11. Chromium is produced by reacting its oxide with aluminum. If 76g of Cr2O3 and 27g of Al completely react to form 51g of Al2O3, how many grams of Cr are formed?
This is a limiting reagent problem. Most are solved the same way. However, this one has a short cut you can use.
Write an equation and balance it.
Convert 51 g Al2O3 to moles. moles = grams/molar mass.
Using the coefficients in the balanced equation, convert moles Al2O3 to moles Cr.
Now convert moles Cr to grams. g = moles x molar mass.
response about what
To find the number of grams of Cr formed, we need to determine the stoichiometry of the reaction and use it to calculate the moles of Cr2O3 and Al.
First, let's write out the balanced equation for the reaction:
3 Cr2O3 + 2 Al -> 2 Al2O3 + 4 Cr
According to the equation, we need 3 moles of Cr2O3 to react with 2 moles of Al to produce 4 moles of Cr.

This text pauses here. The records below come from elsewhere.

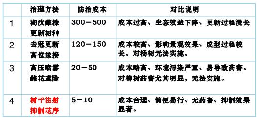 4. 注射楊柳飛絮抑制劑--抑花一號(hào),抑制楊柳樹花序形成。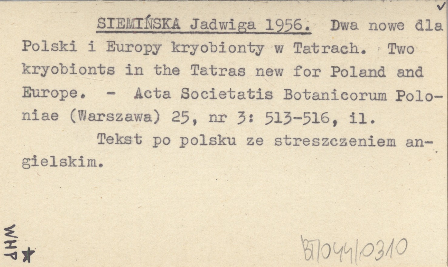 SIEMIŃSKA Jadwiga 1956 Dwa nowe dla Polski i Europy kryobionty w Tatrach. Two kryobionts in the Tatras new for Poland and Europe.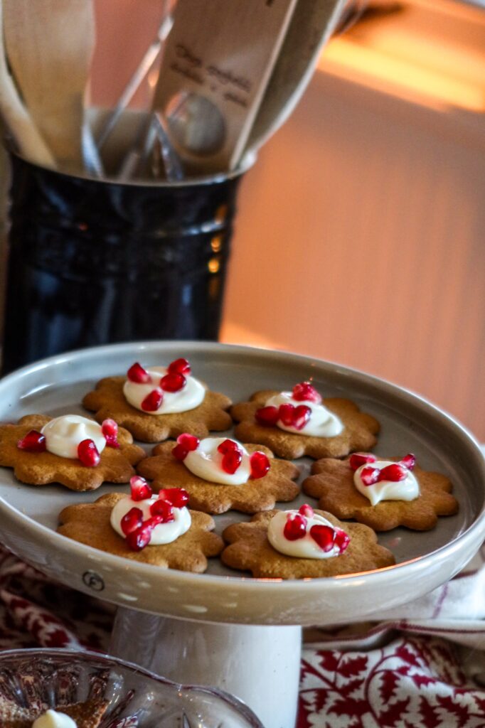 Pepparkakor med brynt smör ost och granatäpple. Denna kombon är magisk, så gott så gott! Pepparkakorna med apelsinsmaken var wow.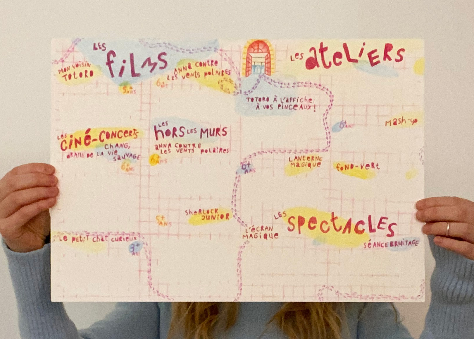 Ensuite, pour la cible des enfants, je me suis inspirée des ateliers proposés, particulièrement de ce coté fait à la main qui revient sans cesse. C’est alors que m’est venu l’idée de faire mon affiche et mon dépliant tout à la main, comme le montrent si bien les ateliers, comme celui de Totoro, à vos pinceaux!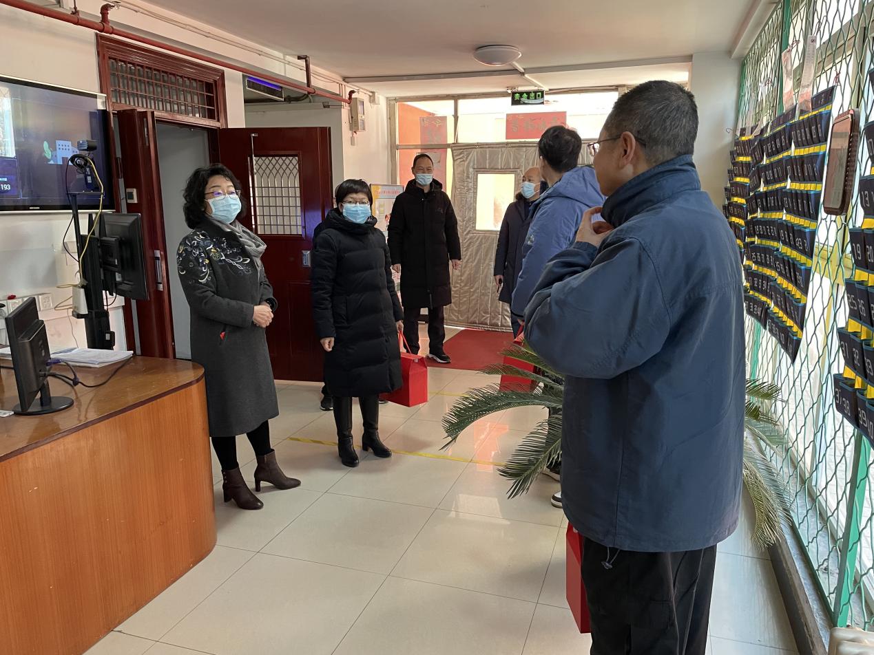 2022年1月31日上午10点,北京市和平街第一中学校长陈秀珍、党总支书记张静、工会主席张习文来到莲葩园校区慰问在校值班的教职员工。校领导一行人同每一位员工亲切会面,关心他们的在校工作、生活情况,一句句温馨的话语,一段段耐心的聆听,一个个诚挚的问候,拉近了校领导与员工之间的距离,使他们感受到了学校领导的温暖与关怀。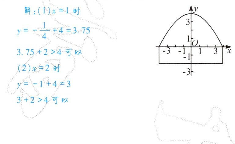解:(1)x=1时$y=-\dfrac{1}{4}+4=3.753.75+2>4$可以(2)x=2时y=-1+4=33+2>4可以
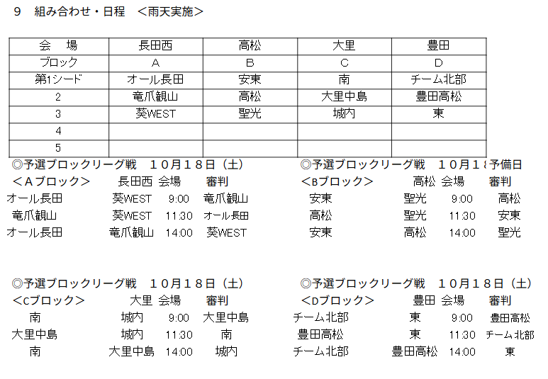 予選リーグ:10月18日(土)~19日(日)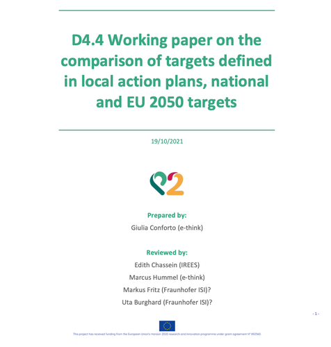In this second part of the assessment, existing Sustainable Energy (and Climate) Action Plans (SEAP/SECAPs) are analysed regarding the targets defined and their relation to overall national and European 2030 and 2050 targets. Targets for emissions, renewable energy and energy efficiency are identified and collected in the available plans, then an harmonization formula is applied to make them harmonized by reference year, target year and unit of measure. Targets made comparable among themselves and with national and European targets, broken down to the municipality level, are eventually assessed.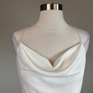 ~ Sleeveless ~ Clear and silver beaded shoulder straps ~ Cowl neckline ~ Backless ~ Shift silhouette ~ Above the knee hemline ~ Concealed side zipper ~ Fully lined ~ Structured polyester/spandex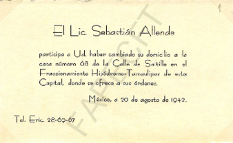 Participación que envía el Licenciado Sebastián Allende al General PEC informándole sobre su cambio de domicilio.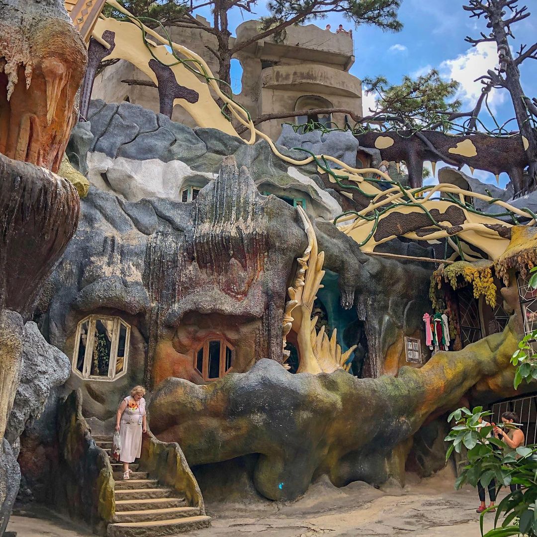 Wild and weird! There are so many things to say about this renowned extraordinary hotel in Dalat City. Perched on a hilly mountain, Crazy House, also known as Hang Nga Guesthouse differentiates itself from other French-style villas with a maze of spiral staircases, multi-shaped sculptural rooms, and rugged surfaces. Interestingly, inspired by expressionist architecture, each guesthouse is named after a plant or an animal such as Termite Room and Tiger Room.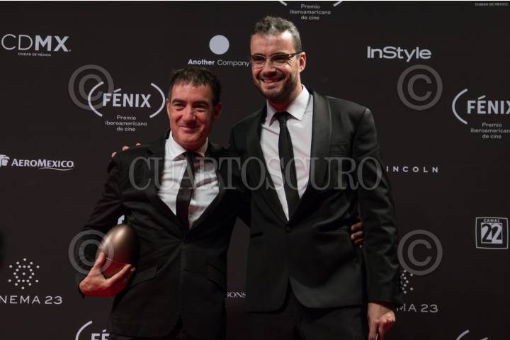 CIUDAD DE MÉXICO, 07NOVIEMBRE2018.- Alex Pina creador productor y Javier Santander coordinador de guión de la serie española La Casa de Papel, la cual se llevo premio a mejor serie del año, durante la quinta entrega de los premios Fénix que reconocen lo mejor de la cinematografía y series de Latinoamérica, España y Portugal, celebrado en el Teatro Esperanza Iris. FOTO: ANDREA MURCIA /CUARTOSCURO.COM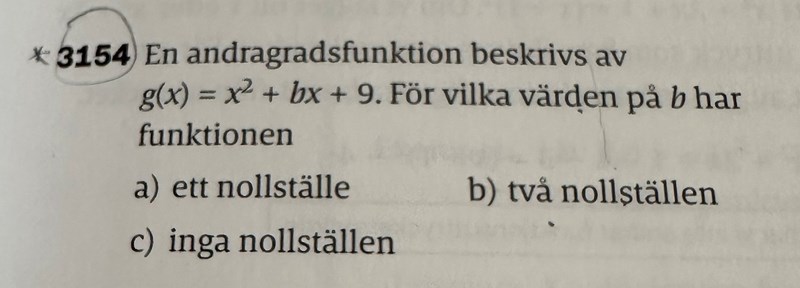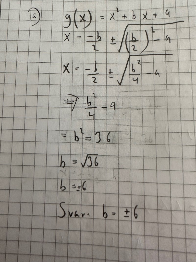 Andragradsekvation, för vilka värden på b har funktionen?
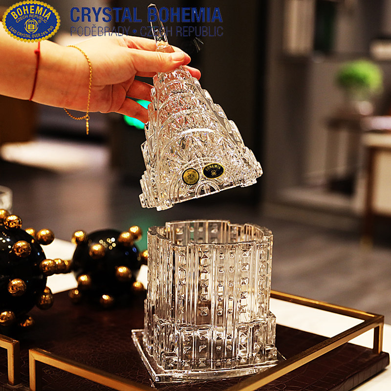 捷克BOHEMIA水晶玻璃首饰盒糖果缸罐储物罐子糖缸装 饰送礼物摆件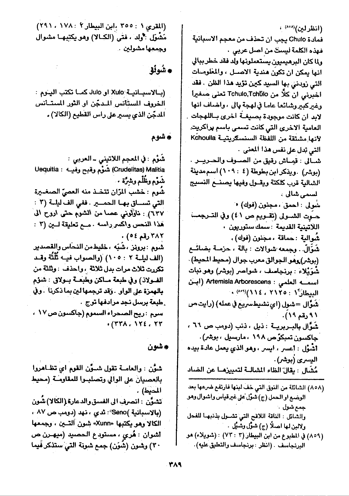 تشوَّن: انصرف إلى الفسق والدعارة (الكالا) شُون (بالأسبانية) Seno: ثدي، نهد (دومب ص87، الكالا وهو يكتبها (( Xunn)) شون التين، وجمعها أشوان: هُري، مستودع الحصيد (ميهرن ص30) وشون (شُوَن) جمع شونة التي ستذكر فيما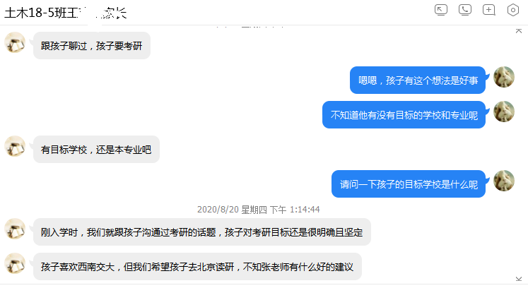8月份,beat365英国官方网站学生工作办公室各辅导员通过线上家长会、家长群、电话家访、微信一对一沟通等方式,根据学生具体情况和所处年级和时期,沟通了解学生在家期间的学习生活情况和生活动态,反馈学生在校期间表现,询问家长对学生的培养理念和期望,并给予建议。辅导员鲍娜娜在城乡规划和建筑学专业线上家长会上,向家长们介绍了2015级毕业班的就业与考研情况,并针对考研录取率背后折射出的原因和问题提醒家长们要根据学生实际学习状况规划合理目标、做出最佳选择。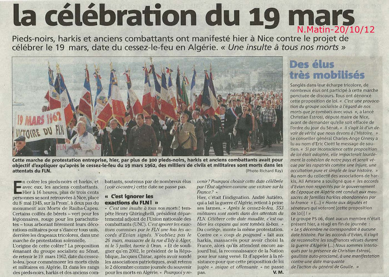 A visiter pour voir les photos et article de Presse de la manifestation à NICE du 20 octobre contre le futur vote du SENAT sur le 19 mars.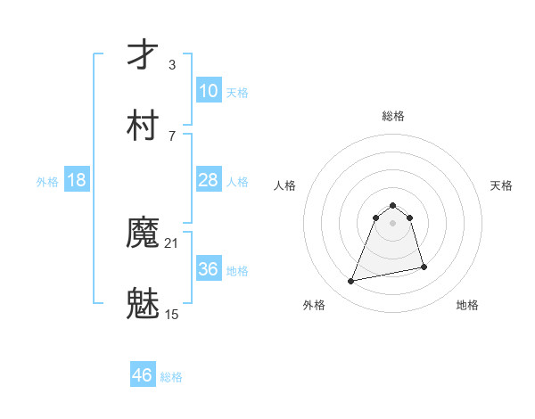 才村 魔魅さんの総格は46画の1点!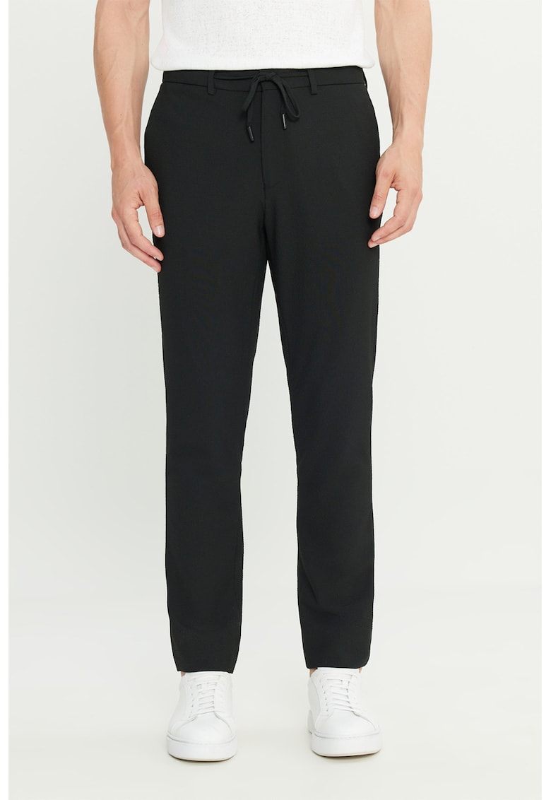 - viscoza Stil: casual Croiala: regular fit Talie: medie Buzunare: 2 laterale Lungime: lungi Detalii: talie ajustabila Compozitie Exterior: 64% poliester

Next, let's calculate the number of moles of Cr2O3 and Al:
Molar mass of Cr2O3 = (2 * atomic mass of Cr) + (3 * atomic mass of O)
= (2 * 52 g/mol) + (3 * 16 g/mol)
= 152 g/mol
Molar mass of Al = atomic mass of Al
= 27 g/mol
Number of moles of Cr2O3 = Mass of Cr2O3 / Molar mass of Cr2O3
= 76 g / 152 g/mol
= 0.5 mol
Number of moles of Al = Mass of Al / Molar mass of Al
= 27 g / 27 g/mol
= 1 mol
Now, let's determine the limiting reactant. The limiting reactant is the one that is completely consumed in the reaction, which results in the formation of the maximum possible amount of the product.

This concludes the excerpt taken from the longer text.